Palo Verde - "This is the quintissential dive bar. It looks smells and acts like a classic dive. The clientele runs the gammut from old to young, and homeless-like to aspiring homeless. Drinks are cheap and stiff as they come courtesy of any bartender on the staff. Pool tables that look like they were rescued from curbside, pinball, and a jukebox littered from serious metal to serious lounge. And of course bathrooms that waft of putridity and the looks to match. Scrape up your couch change and head to the Palo Verde." (from S.R.)

The Library - "this place is great! the waitresses dress as slutty librarians and dance on the bars. drink prices are reasonable and they play some kick ass music. plus, there's a patio for smoking which also has its own bar.  (anonymous)

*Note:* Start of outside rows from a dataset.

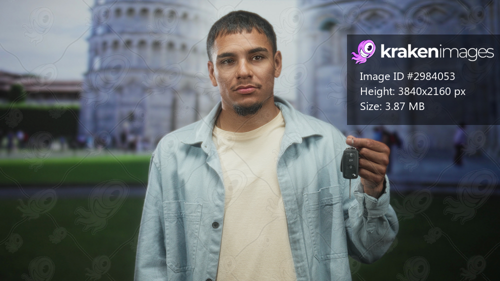 Man holding car key fob in hand, smiling and showing keys in front of building with a famous tower in a tourist piazza; travel joy.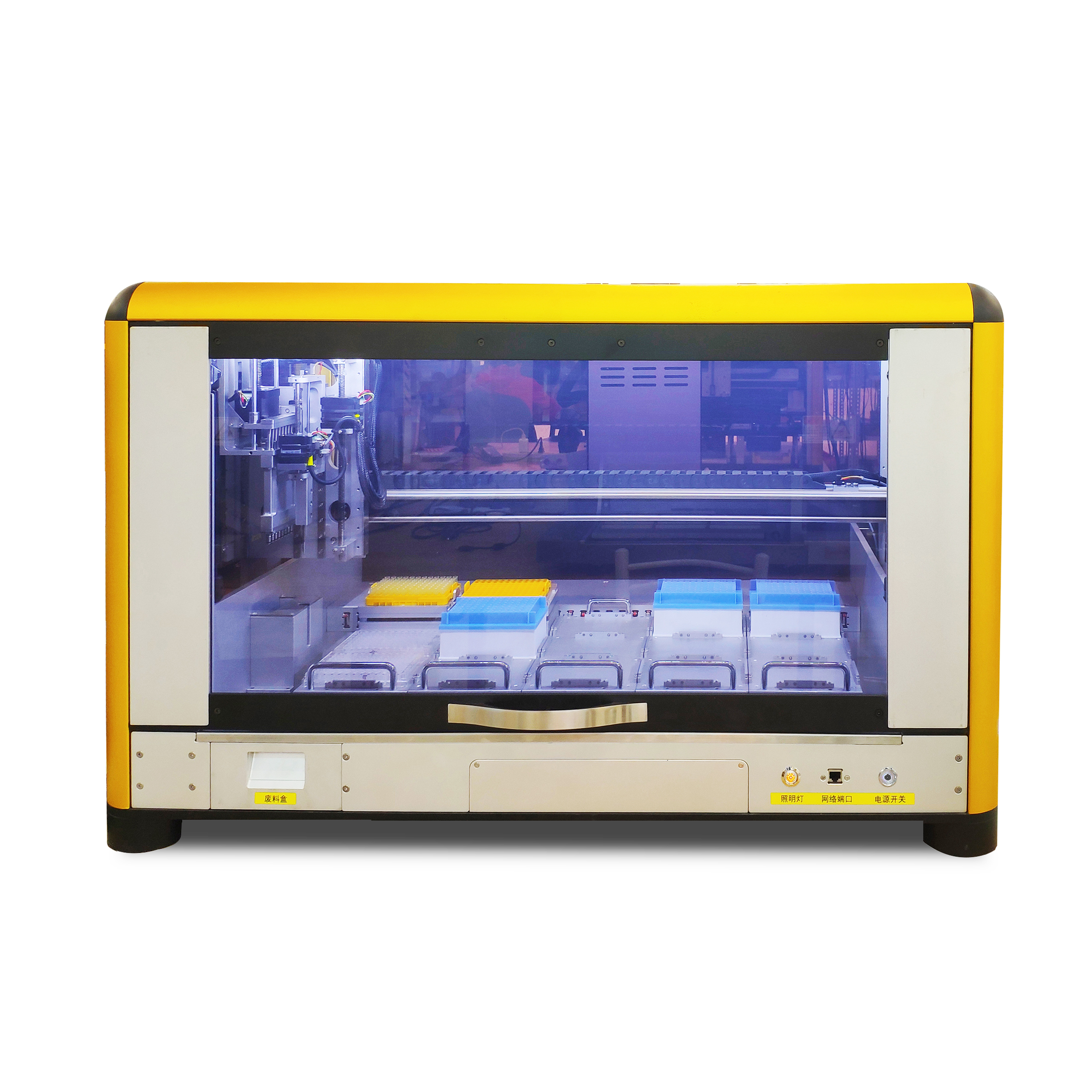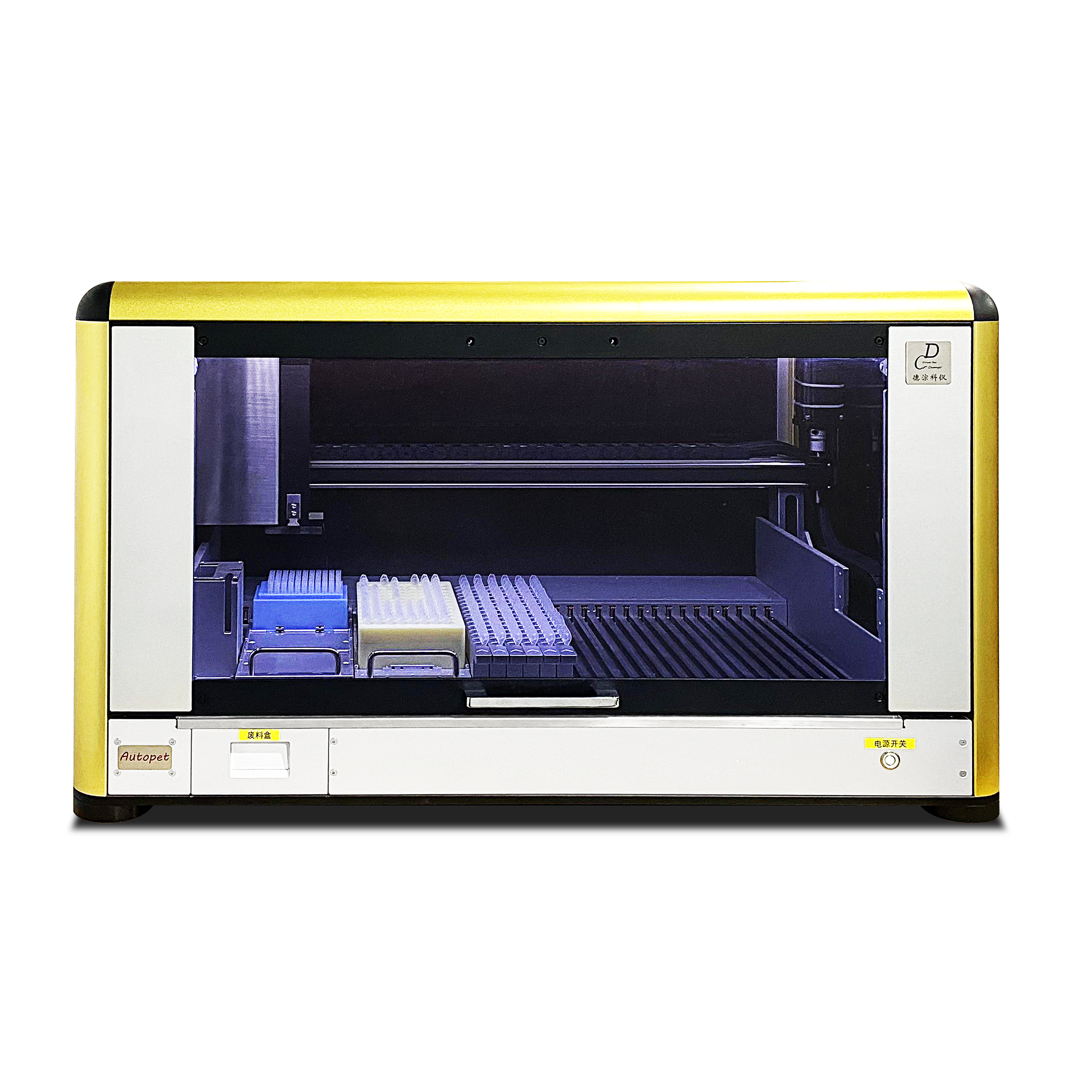 佛山市德淙科学仪器有限公司生产的AUTOPET-1+8型全自动移液工作站提供了开放和固定两种载物台形式。开方式载物台采用模块化、开放式设计理念。通过转换架可随意加载不同规格的板、管、槽等实验器材。最多可承载15板96或384孔板。38条管架。也可实现板、槽等实验容器的给合使用。组合灵活、包容性好固定盘位机型最多可承载15板标准SBS板。也可定制管架使用。可适配扫码模块,震荡、温育、制冷等模块。该机型具有以下特点: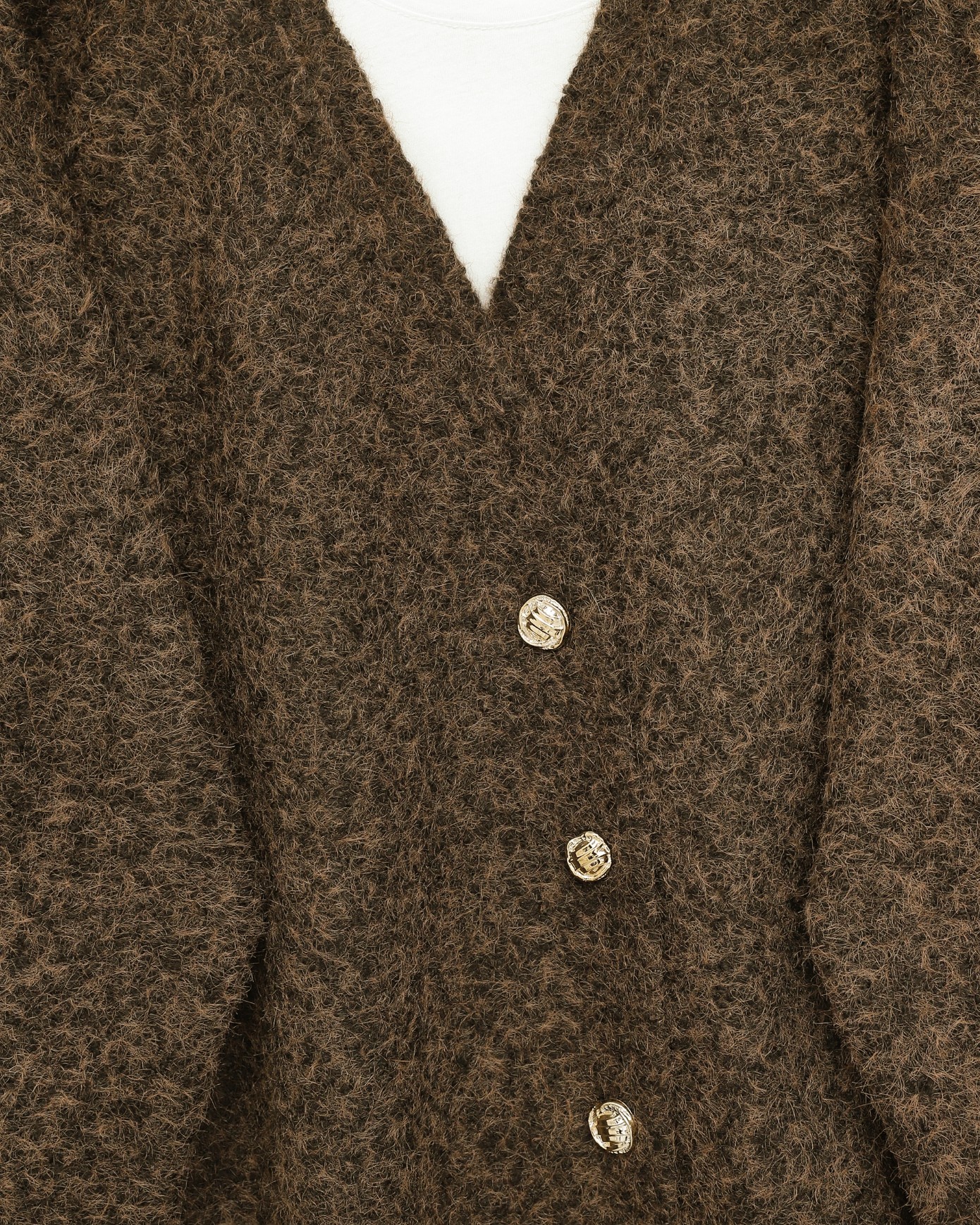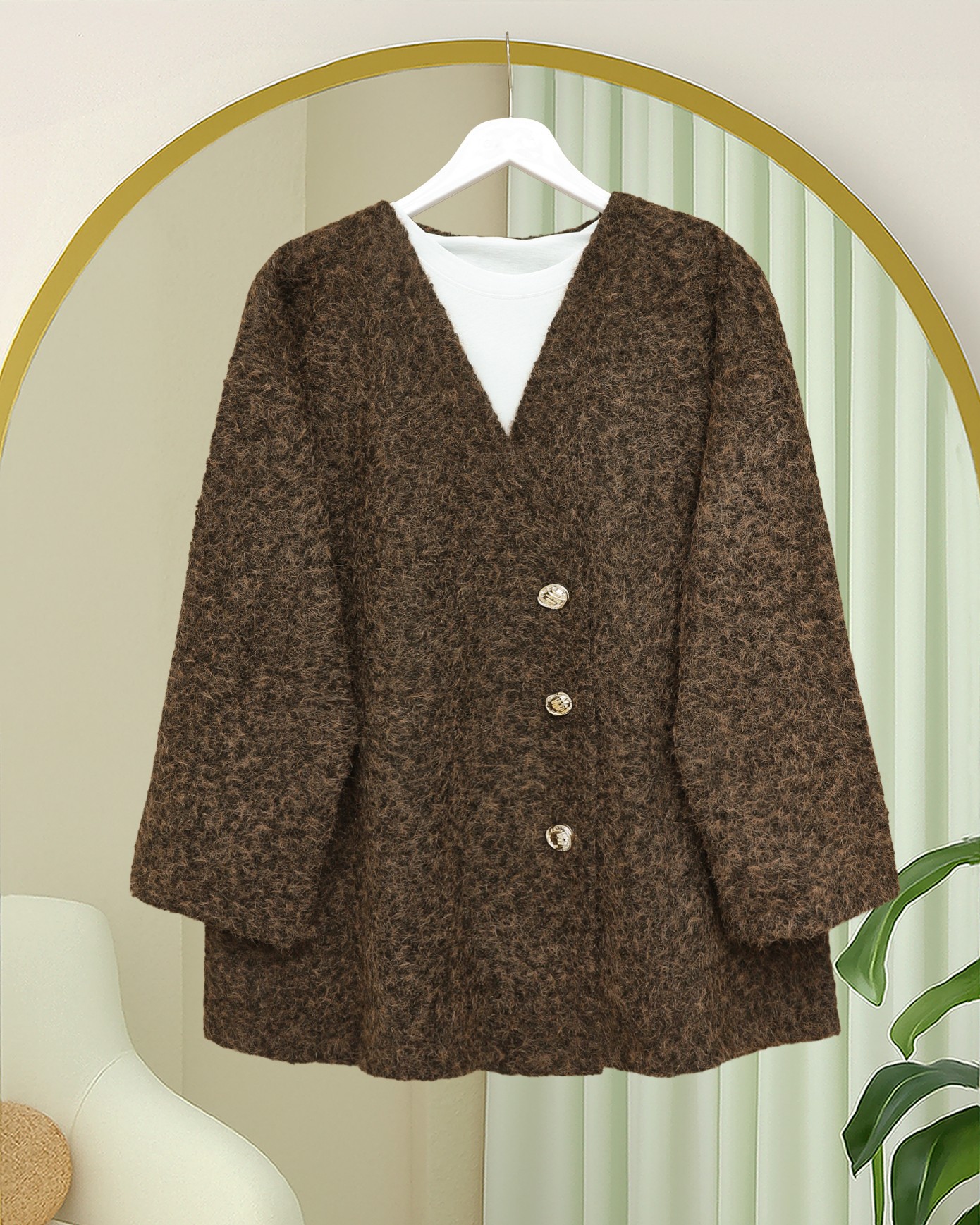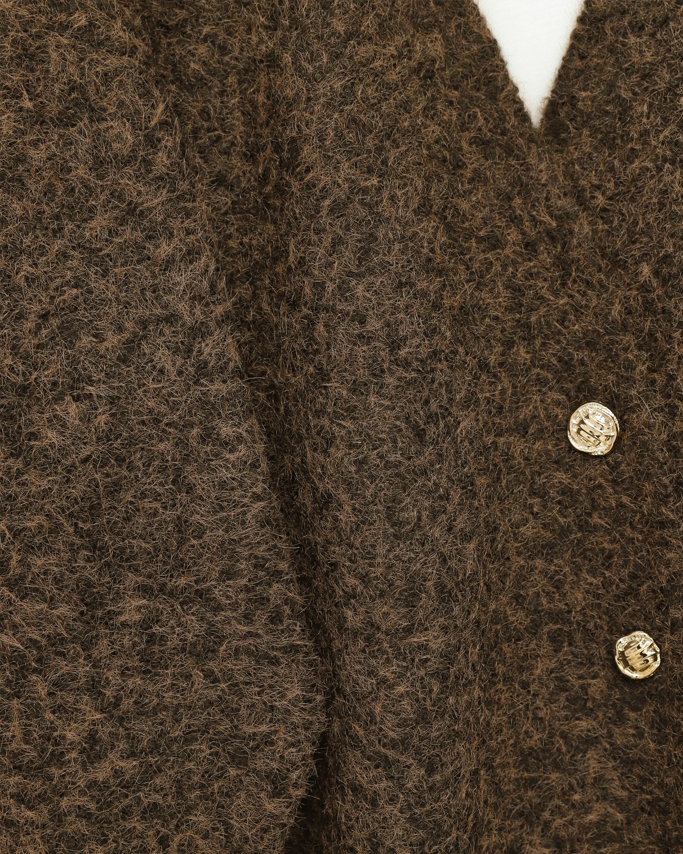 V Yaka Düğmeli Sakallı Kap -K. Kahve-K. Kahve

The Woodshed I - "The Shed is Tempe's best dive bar, A hole in the hole in the wall. The bartenders are some cool ass people and the drinks are reasonably priced and always good, Surprisingly alot of college girls frequent this dive, so please check it out"  (from The Big Shoe)

Tucson

The Buffet - "Lets see... the bar opens at 6am, the drinks are cheap as hell, and I saw a guy throw up(in the bar), pass out(at the bar), and the staff kicked him out, only so he could sleep for about 15 min. (on the fucking curb), go back inside, sit at the bar and the bartender served him another drink. Oh yea, the only thing is the whole place smells like DJ's mens room."  (from cmill)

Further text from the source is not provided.